What the task requires
Print all the records exactly, please.

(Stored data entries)

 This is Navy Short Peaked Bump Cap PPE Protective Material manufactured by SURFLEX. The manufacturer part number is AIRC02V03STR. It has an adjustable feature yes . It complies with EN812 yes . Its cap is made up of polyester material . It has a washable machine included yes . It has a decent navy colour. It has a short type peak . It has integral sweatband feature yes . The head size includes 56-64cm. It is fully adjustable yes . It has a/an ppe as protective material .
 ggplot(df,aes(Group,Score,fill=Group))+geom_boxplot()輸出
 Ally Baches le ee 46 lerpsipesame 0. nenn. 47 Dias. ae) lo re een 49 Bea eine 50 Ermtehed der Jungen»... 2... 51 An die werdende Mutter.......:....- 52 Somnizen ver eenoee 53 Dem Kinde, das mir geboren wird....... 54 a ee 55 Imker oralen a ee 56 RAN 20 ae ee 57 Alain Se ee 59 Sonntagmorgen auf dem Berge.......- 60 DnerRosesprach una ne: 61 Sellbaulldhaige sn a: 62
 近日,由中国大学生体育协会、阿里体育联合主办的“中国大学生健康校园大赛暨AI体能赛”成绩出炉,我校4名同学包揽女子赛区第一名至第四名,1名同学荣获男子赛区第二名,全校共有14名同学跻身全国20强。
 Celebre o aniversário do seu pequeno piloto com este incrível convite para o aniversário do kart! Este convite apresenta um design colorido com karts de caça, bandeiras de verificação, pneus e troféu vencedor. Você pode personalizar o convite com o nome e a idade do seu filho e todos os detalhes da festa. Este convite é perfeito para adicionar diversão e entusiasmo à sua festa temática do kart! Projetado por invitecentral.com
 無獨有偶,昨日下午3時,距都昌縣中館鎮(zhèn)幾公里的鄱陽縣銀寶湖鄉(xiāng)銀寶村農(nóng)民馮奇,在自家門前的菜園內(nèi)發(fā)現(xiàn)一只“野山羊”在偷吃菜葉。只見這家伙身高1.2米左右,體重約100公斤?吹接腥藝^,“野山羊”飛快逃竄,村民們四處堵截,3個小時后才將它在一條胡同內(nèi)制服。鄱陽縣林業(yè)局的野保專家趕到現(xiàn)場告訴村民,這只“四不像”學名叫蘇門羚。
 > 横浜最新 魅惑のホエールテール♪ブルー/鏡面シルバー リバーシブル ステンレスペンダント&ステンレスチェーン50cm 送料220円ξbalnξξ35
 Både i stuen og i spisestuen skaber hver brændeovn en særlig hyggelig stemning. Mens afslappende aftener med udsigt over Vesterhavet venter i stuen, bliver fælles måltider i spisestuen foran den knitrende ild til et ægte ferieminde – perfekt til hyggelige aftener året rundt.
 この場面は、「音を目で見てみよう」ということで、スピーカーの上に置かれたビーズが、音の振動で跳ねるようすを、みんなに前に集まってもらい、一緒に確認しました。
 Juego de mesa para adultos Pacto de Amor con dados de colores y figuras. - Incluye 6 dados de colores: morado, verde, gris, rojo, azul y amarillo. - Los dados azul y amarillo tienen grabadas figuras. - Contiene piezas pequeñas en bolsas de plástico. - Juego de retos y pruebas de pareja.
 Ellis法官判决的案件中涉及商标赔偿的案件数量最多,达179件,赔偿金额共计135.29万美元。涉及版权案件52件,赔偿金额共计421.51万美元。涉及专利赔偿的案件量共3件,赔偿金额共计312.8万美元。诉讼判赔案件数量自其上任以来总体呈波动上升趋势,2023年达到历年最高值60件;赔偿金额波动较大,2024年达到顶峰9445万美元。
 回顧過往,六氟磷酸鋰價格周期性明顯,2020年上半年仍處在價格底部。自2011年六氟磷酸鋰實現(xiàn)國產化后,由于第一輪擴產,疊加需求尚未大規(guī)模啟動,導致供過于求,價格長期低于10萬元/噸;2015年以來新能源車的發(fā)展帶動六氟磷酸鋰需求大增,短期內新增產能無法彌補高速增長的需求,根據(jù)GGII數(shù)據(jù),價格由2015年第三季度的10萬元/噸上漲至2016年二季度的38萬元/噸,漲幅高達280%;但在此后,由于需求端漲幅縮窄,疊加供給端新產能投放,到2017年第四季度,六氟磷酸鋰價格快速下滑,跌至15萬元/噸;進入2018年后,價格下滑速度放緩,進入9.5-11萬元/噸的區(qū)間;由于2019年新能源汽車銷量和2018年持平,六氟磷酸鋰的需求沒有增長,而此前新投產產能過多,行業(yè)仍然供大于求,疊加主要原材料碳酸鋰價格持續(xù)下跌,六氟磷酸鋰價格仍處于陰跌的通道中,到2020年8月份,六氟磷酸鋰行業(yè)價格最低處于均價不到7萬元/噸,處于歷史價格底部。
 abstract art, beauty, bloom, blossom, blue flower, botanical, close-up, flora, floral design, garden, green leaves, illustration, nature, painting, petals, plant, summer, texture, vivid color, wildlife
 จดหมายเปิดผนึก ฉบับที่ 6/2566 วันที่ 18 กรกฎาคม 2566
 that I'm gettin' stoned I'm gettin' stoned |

Task solution
 This is Navy Short Peaked Bump Cap PPE Protective Material manufactured by SURFLEX. The manufacturer part number is AIRC02V03STR. It has an adjustable feature yes . It complies with EN812 yes . Its cap is made up of polyester material . It has a washable machine included yes . It has a decent navy colour. It has a short type peak . It has integral sweatband feature yes . The head size includes 56-64cm. It is fully adjustable yes . It has a/an ppe as protective material .
 ggplot(df,aes(Group,Score,fill=Group))+geom_boxplot()輸出
 Ally Baches le ee 46 lerpsipesame 0. nenn. 47 Dias. ae) lo re een 49 Bea eine 50 Ermtehed der Jungen»... 2... 51 An die werdende Mutter.......:....- 52 Somnizen ver eenoee 53 Dem Kinde, das mir geboren wird....... 54 a ee 55 Imker oralen a ee 56 RAN 20 ae ee 57 Alain Se ee 59 Sonntagmorgen auf dem Berge.......- 60 DnerRosesprach una ne: 61 Sellbaulldhaige sn a: 62
 近日,由中国大学生体育协会、阿里体育联合主办的“中国大学生健康校园大赛暨AI体能赛”成绩出炉,我校4名同学包揽女子赛区第一名至第四名,1名同学荣获男子赛区第二名,全校共有14名同学跻身全国20强。
 Celebre o aniversário do seu pequeno piloto com este incrível convite para o aniversário do kart! Este convite apresenta um design colorido com karts de caça, bandeiras de verificação, pneus e troféu vencedor. Você pode personalizar o convite com o nome e a idade do seu filho e todos os detalhes da festa. Este convite é perfeito para adicionar diversão e entusiasmo à sua festa temática do kart! Projetado por invitecentral.com
 無獨有偶,昨日下午3時,距都昌縣中館鎮(zhèn)幾公里的鄱陽縣銀寶湖鄉(xiāng)銀寶村農(nóng)民馮奇,在自家門前的菜園內(nèi)發(fā)現(xiàn)一只“野山羊”在偷吃菜葉。只見這家伙身高1.2米左右,體重約100公斤?吹接腥藝^,“野山羊”飛快逃竄,村民們四處堵截,3個小時后才將它在一條胡同內(nèi)制服。鄱陽縣林業(yè)局的野保專家趕到現(xiàn)場告訴村民,這只“四不像”學名叫蘇門羚。
 > 横浜最新 魅惑のホエールテール♪ブルー/鏡面シルバー リバーシブル ステンレスペンダント&ステンレスチェーン50cm 送料220円ξbalnξξ35
 Både i stuen og i spisestuen skaber hver brændeovn en særlig hyggelig stemning. Mens afslappende aftener med udsigt over Vesterhavet venter i stuen, bliver fælles måltider i spisestuen foran den knitrende ild til et ægte ferieminde – perfekt til hyggelige aftener året rundt.
 この場面は、「音を目で見てみよう」ということで、スピーカーの上に置かれたビーズが、音の振動で跳ねるようすを、みんなに前に集まってもらい、一緒に確認しました。
 Juego de mesa para adultos Pacto de Amor con dados de colores y figuras. - Incluye 6 dados de colores: morado, verde, gris, rojo, azul y amarillo. - Los dados azul y amarillo tienen grabadas figuras. - Contiene piezas pequeñas en bolsas de plástico. - Juego de retos y pruebas de pareja.
 Ellis法官判决的案件中涉及商标赔偿的案件数量最多,达179件,赔偿金额共计135.29万美元。涉及版权案件52件,赔偿金额共计421.51万美元。涉及专利赔偿的案件量共3件,赔偿金额共计312.8万美元。诉讼判赔案件数量自其上任以来总体呈波动上升趋势,2023年达到历年最高值60件;赔偿金额波动较大,2024年达到顶峰9445万美元。
 回顧過往,六氟磷酸鋰價格周期性明顯,2020年上半年仍處在價格底部。自2011年六氟磷酸鋰實現(xiàn)國產化后,由于第一輪擴產,疊加需求尚未大規(guī)模啟動,導致供過于求,價格長期低于10萬元/噸;2015年以來新能源車的發(fā)展帶動六氟磷酸鋰需求大增,短期內新增產能無法彌補高速增長的需求,根據(jù)GGII數(shù)據(jù),價格由2015年第三季度的10萬元/噸上漲至2016年二季度的38萬元/噸,漲幅高達280%;但在此后,由于需求端漲幅縮窄,疊加供給端新產能投放,到2017年第四季度,六氟磷酸鋰價格快速下滑,跌至15萬元/噸;進入2018年后,價格下滑速度放緩,進入9.5-11萬元/噸的區(qū)間;由于2019年新能源汽車銷量和2018年持平,六氟磷酸鋰的需求沒有增長,而此前新投產產能過多,行業(yè)仍然供大于求,疊加主要原材料碳酸鋰價格持續(xù)下跌,六氟磷酸鋰價格仍處于陰跌的通道中,到2020年8月份,六氟磷酸鋰行業(yè)價格最低處于均價不到7萬元/噸,處于歷史價格底部。
 abstract art, beauty, bloom, blossom, blue flower, botanical, close-up, flora, floral design, garden, green leaves, illustration, nature, painting, petals, plant, summer, texture, vivid color, wildlife
 จดหมายเปิดผนึก ฉบับที่ 6/2566 วันที่ 18 กรกฎาคม 2566
 that I'm gettin' stoned I'm gettin' stoned |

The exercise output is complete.